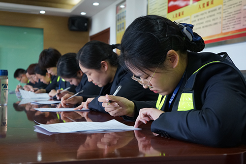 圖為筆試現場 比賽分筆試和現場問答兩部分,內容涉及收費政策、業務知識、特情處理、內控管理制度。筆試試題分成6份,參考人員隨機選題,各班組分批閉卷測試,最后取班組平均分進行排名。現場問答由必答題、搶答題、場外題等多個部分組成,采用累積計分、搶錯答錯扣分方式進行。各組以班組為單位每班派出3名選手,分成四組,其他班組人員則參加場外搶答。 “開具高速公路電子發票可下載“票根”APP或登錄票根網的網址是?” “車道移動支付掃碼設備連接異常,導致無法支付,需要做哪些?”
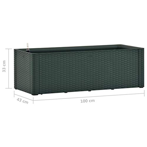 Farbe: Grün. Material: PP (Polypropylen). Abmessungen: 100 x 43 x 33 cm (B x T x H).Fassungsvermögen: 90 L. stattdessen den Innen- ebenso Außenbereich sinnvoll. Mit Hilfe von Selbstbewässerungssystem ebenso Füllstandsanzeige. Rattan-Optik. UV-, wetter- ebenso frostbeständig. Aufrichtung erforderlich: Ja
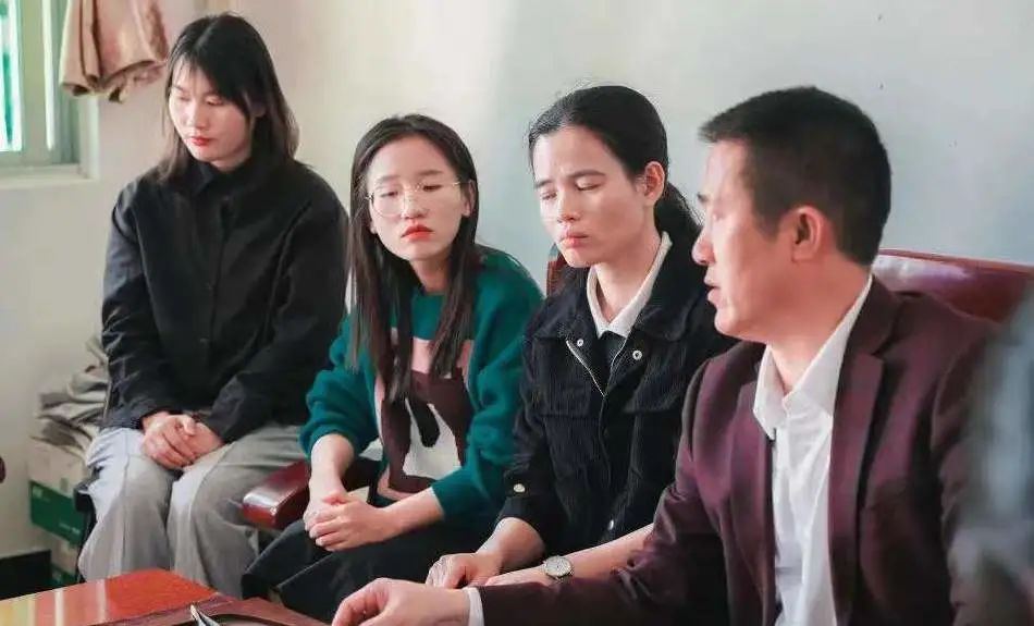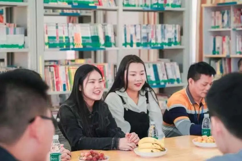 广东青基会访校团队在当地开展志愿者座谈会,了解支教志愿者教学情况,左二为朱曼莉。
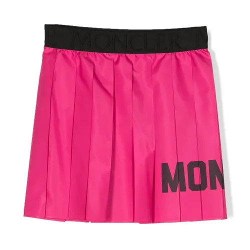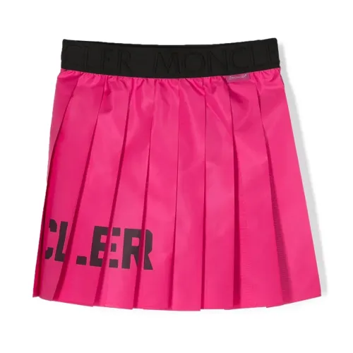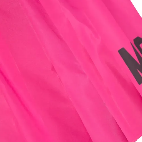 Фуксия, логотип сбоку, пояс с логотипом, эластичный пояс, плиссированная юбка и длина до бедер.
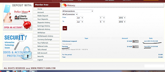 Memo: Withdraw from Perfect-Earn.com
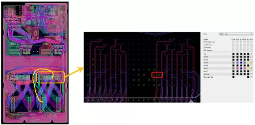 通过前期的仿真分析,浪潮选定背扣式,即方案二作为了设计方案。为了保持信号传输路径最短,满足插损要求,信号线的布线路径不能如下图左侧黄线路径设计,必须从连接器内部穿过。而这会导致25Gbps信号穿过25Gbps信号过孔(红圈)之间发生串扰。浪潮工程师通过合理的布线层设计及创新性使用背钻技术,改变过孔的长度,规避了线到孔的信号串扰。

• [What is expected]: Make an exact printout of the listing above, omitting the images.

• [Exercise response]:
 圖為筆試現場 比賽分筆試和現場問答兩部分,內容涉及收費政策、業務知識、特情處理、內控管理制度。筆試試題分成6份,參考人員隨機選題,各班組分批閉卷測試,最后取班組平均分進行排名。現場問答由必答題、搶答題、場外題等多個部分組成,采用累積計分、搶錯答錯扣分方式進行。各組以班組為單位每班派出3名選手,分成四組,其他班組人員則參加場外搶答。 “開具高速公路電子發票可下載“票根”APP或登錄票根網的網址是?” “車道移動支付掃碼設備連接異常,導致無法支付,需要做哪些?”
 Farbe: Grün. Material: PP (Polypropylen). Abmessungen: 100 x 43 x 33 cm (B x T x H).Fassungsvermögen: 90 L. stattdessen den Innen- ebenso Außenbereich sinnvoll. Mit Hilfe von Selbstbewässerungssystem ebenso Füllstandsanzeige. Rattan-Optik. UV-, wetter- ebenso frostbeständig. Aufrichtung erforderlich: Ja
 广东青基会访校团队在当地开展志愿者座谈会,了解支教志愿者教学情况,左二为朱曼莉。
 Фуксия, логотип сбоку, пояс с логотипом, эластичный пояс, плиссированная юбка и длина до бедер.
 Memo: Withdraw from Perfect-Earn.com
 通过前期的仿真分析,浪潮选定背扣式,即方案二作为了设计方案。为了保持信号传输路径最短,满足插损要求,信号线的布线路径不能如下图左侧黄线路径设计,必须从连接器内部穿过。而这会导致25Gbps信号穿过25Gbps信号过孔(红圈)之间发生串扰。浪潮工程师通过合理的布线层设计及创新性使用背钻技术,改变过孔的长度,规避了线到孔的信号串扰。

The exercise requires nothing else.